Tuesday 14 August 2012

Another day, another Alcázar

Yes, Jerez also has its Alcázar.  Though not as big or impressive as the one in Seville, it is worth a visit.  The layout of the Arab fortress is more or less intact even though the buildings are mostly ruins.  With the help of notices (in Spanish and English) you get a good idea of what daily life was like: prayers, ablutions, eating.  They even explain how the latrines worked.  But the Alcázar was not the reason for my visit to Jerez.

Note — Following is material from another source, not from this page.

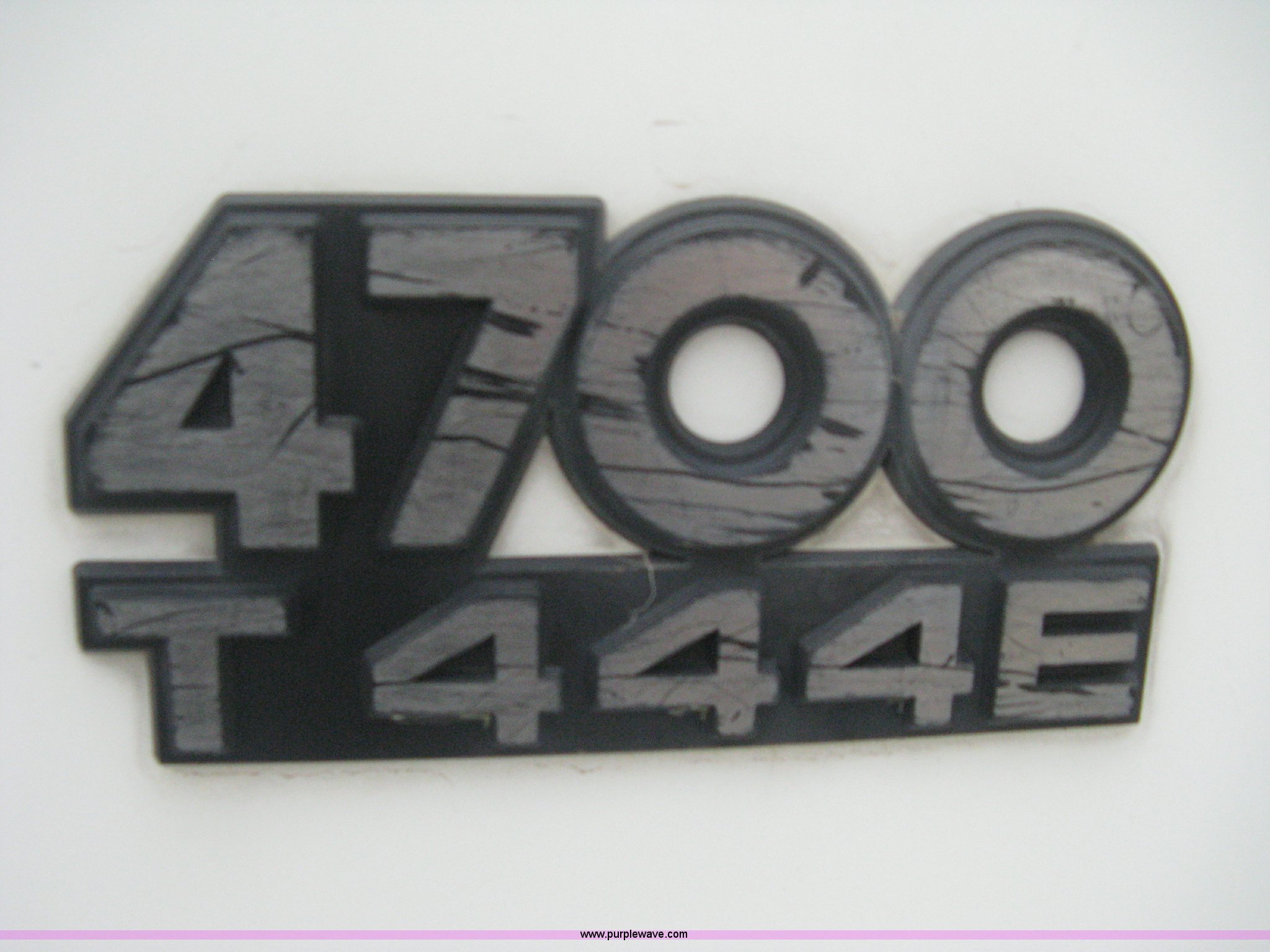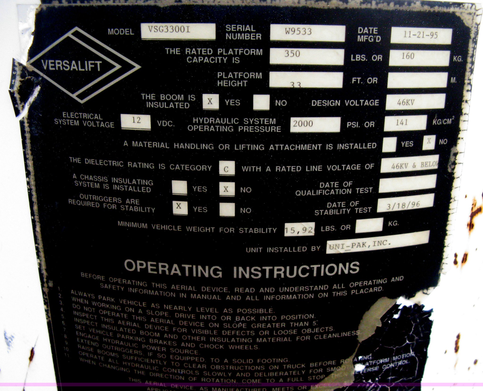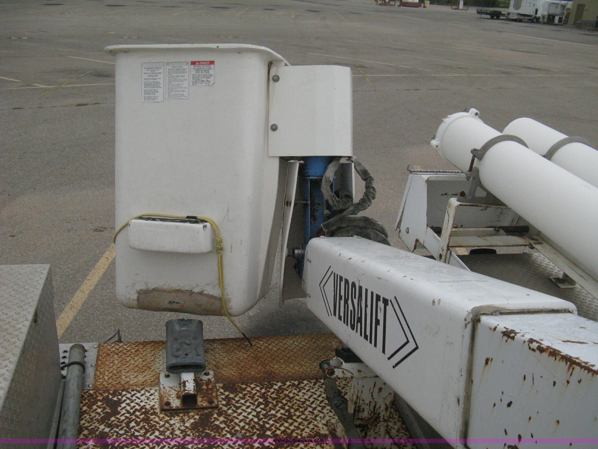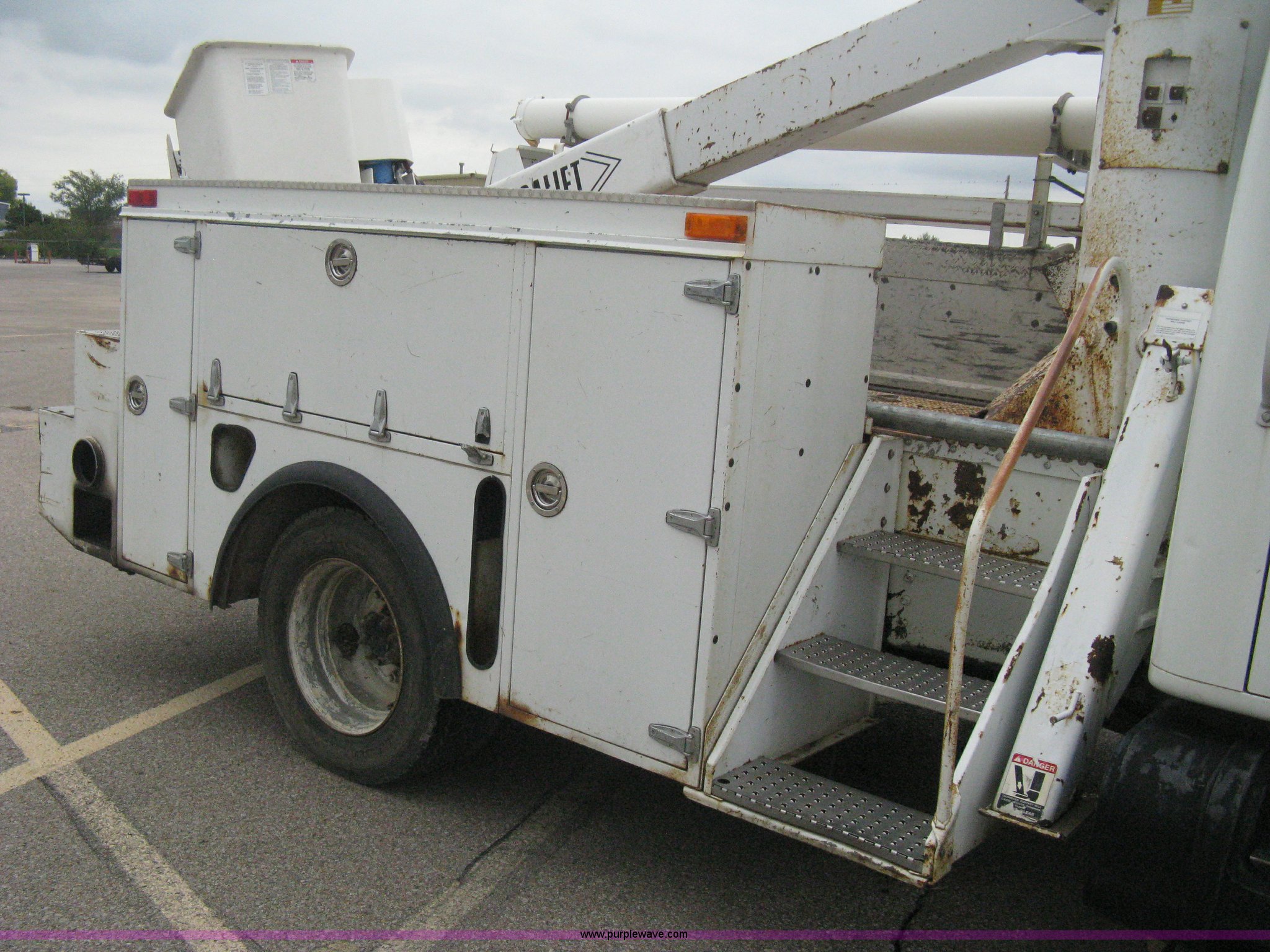 Purple Wave is selling a used Service Truck in Kansas. This item is a 1996 International 4700 Lo-Profile bucket truck with the following: 135,646 miles on odometer, 1,405 PTO hours on meter, International Navistar B190 V8 diesel engine, Recently rebuilt, less than 100 miles, Engine power issues when towing, Automatic transmission, AC and heat, AM/FM/cassette, Manual windows and locks, Vinyl interior, Electric trailer brake booster, PTO, Work lights, Spotlight, Beacon, 12'L x 8'W utility bed, (7) compartments, Step up rear bumper, Top mounted supply tray and tubes, (2) hydraulic outriggers, 1995 Versalift telescopic man lift, Model VSG3300I, Serial W9533, 350 lb platform capacity, 33' platform height, Fiberglass basket, Auxiliary hydraulic remotes on bed,, Pintle hitch, Trailer wiring, 245/70R19.5 tires, Cracked windshield, EIN 232

The town was founded by the Phoenicians who called it Xera, a name which has been adapted by the varying civilisations and tribes that have controlled it over the centuries.  The Arab rulers of Al-Andalus (whence the modern name of the region, Andalusia) called it شريش, which I'm sure you will spot is pronounced "Sherish".  Not only did this Arabic name evolve into the modern Jerez, it also gave us the name of the most famous product of the town, sherry.

Manuel María González Ángel,
founder of Gonzalez Byass, Jerez
I did a tour of the biggest sherry producer, González Byass, named after its founder Manuel María González Ángel, and his London agent Robert Blake Byass who eventually became joint owner of the company.  The produce several brands of sherry and brandy, the most famous of which are probably Tío Pepe and Croft Original.

After the tour there was a tasting.  They presented us with four different types of sherry, from pale and dry (fino) to dark and sweet (oloroso).  I never thought I'd see the day I got drunk on sherry!  Well, tipsy anyway.

Try it — you'll like it more than you think!